╔══

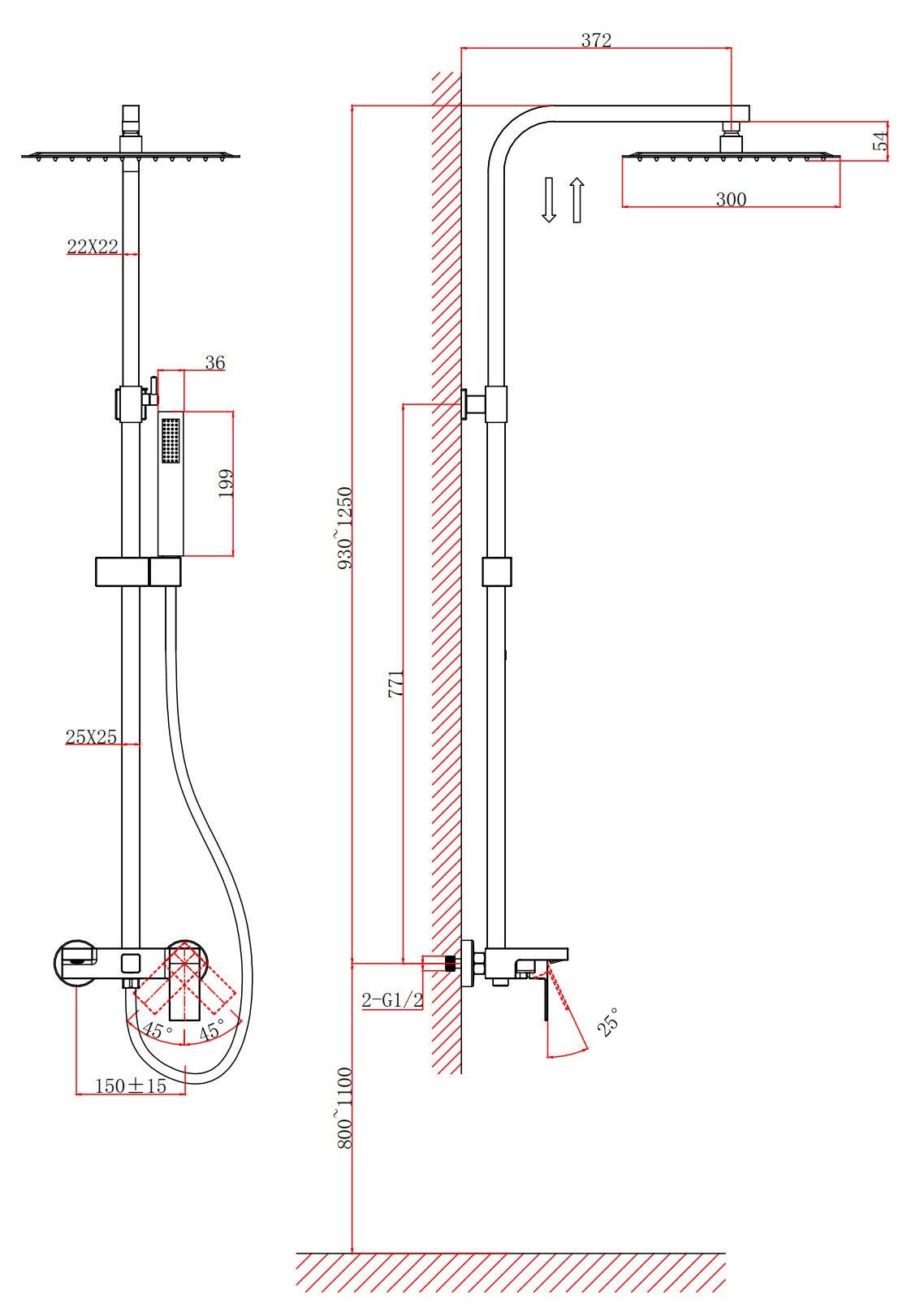 Размер верхнего душа, см:30
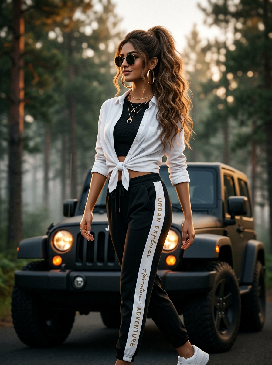{"image_prompt":{"subject":{"description":"Hyper-realistic full-body portrait of a fashionable young South with a confident, sultry presence","pose":"Stylish side posture with her body angled 45 degrees away from the camera, head slightly turned over her shoulder, chin subtly raised, eyes looking off-frame for a candid high-fashion feel","expression":"Relaxed, confident, and alluring with a soft, effortless smirk","hair":"Long, wavy, voluminous brown hair tied in a high ponytail with loose strands framing the face, gently flowing","accessories":["Round dark luxury sunglasses","Layered gold necklaces with crescent moon pendants","Large polished gold if(gender=f){hoop earrings } "],"outfit":{"top":"button-down shirt tied at the waist over a fitted crop top ","bottom":"athletic joggers with a bold side stripe and elegant script detailing","style":"Urban chic meets high-fashion streetwear"}},"environment":{"vehicle":"Matte off-road Jeep positioned slightly behind the subject at an angle","lighting_effects":"Jeep\u2019s round headlights glowing in warm amber tones creating soft cinematic bokeh","background":"Misty pine forest with layered depth, fog rolling between tall trees, enhanced atmospheric perspective","time_of_day":"Golden hour at sunset with warm highlights and cool forest shadows"},"mood_and_style":{"overall_vibe":"Bold, confident, effortlessly hot, editorial fashion aesthetic","color_palette":"Warm amber highlights contrasted with deep forest greens and matte blacks","fashion_inspiration":"Luxury outdoor editorial, Instagram model aesthetic, cinematic lifestyle photography"},"technical_specifications":{"aspect_ratio":"9:16","resolution":"8K ultra-high resolution","format":"PNG","camera":"35mm lens","focus":"Sharp focus on subject with creamy background depth-of-field","lighting":"Cinematic golden-hour rim lighting with soft fill light on the face","texture_detail":"Hyper-detailed skin, fabric, jewelry, and vehicle textures","composition":"Centered subject at eye level with dynamic negative space"},"render_quality":{"realism":"Ultra photorealistic","post_processing":"Subtle film grain, high dynamic range, professional color grading","style":"High-end fashion photography, cinematic realism"}}}
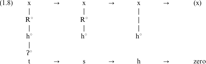 It is also possible (Harris 1990) to regard trajectories of lenition as the progressive decomposition of elements; (1.8) shows a typical sequence from /t/ to /s/ to /h/ to zero.
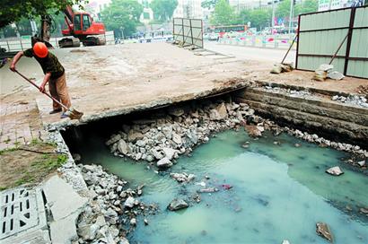 ????砸開水泥板露出臭河

╚══

What to do
In the answer, set down only the lines from the opening line of the listing through the line that holds "full-body portrait of", exactly as they appear, minus the pictures.

Task output
 Размер верхнего душа, см:30
{"image_prompt":{"subject":{"description":"Hyper-realistic full-body portrait of a fashionable young South with a confident, sultry presence","pose":"Stylish side posture with her body angled 45 degrees away from the camera, head slightly turned over her shoulder, chin subtly raised, eyes looking off-frame for a candid high-fashion feel","expression":"Relaxed, confident, and alluring with a soft, effortless smirk","hair":"Long, wavy, voluminous brown hair tied in a high ponytail with loose strands framing the face, gently flowing","accessories":["Round dark luxury sunglasses","Layered gold necklaces with crescent moon pendants","Large polished gold if(gender=f){hoop earrings } "],"outfit":{"top":"button-down shirt tied at the waist over a fitted crop top ","bottom":"athletic joggers with a bold side stripe and elegant script detailing","style":"Urban chic meets high-fashion streetwear"}},"environment":{"vehicle":"Matte off-road Jeep positioned slightly behind the subject at an angle","lighting_effects":"Jeep\u2019s round headlights glowing in warm amber tones creating soft cinematic bokeh","background":"Misty pine forest with layered depth, fog rolling between tall trees, enhanced atmospheric perspective","time_of_day":"Golden hour at sunset with warm highlights and cool forest shadows"},"mood_and_style":{"overall_vibe":"Bold, confident, effortlessly hot, editorial fashion aesthetic","color_palette":"Warm amber highlights contrasted with deep forest greens and matte blacks","fashion_inspiration":"Luxury outdoor editorial, Instagram model aesthetic, cinematic lifestyle photography"},"technical_specifications":{"aspect_ratio":"9:16","resolution":"8K ultra-high resolution","format":"PNG","camera":"35mm lens","focus":"Sharp focus on subject with creamy background depth-of-field","lighting":"Cinematic golden-hour rim lighting with soft fill light on the face","texture_detail":"Hyper-detailed skin, fabric, jewelry, and vehicle textures","composition":"Centered subject at eye level with dynamic negative space"},"render_quality":{"realism":"Ultra photorealistic","post_processing":"Subtle film grain, high dynamic range, professional color grading","style":"High-end fashion photography, cinematic realism"}}}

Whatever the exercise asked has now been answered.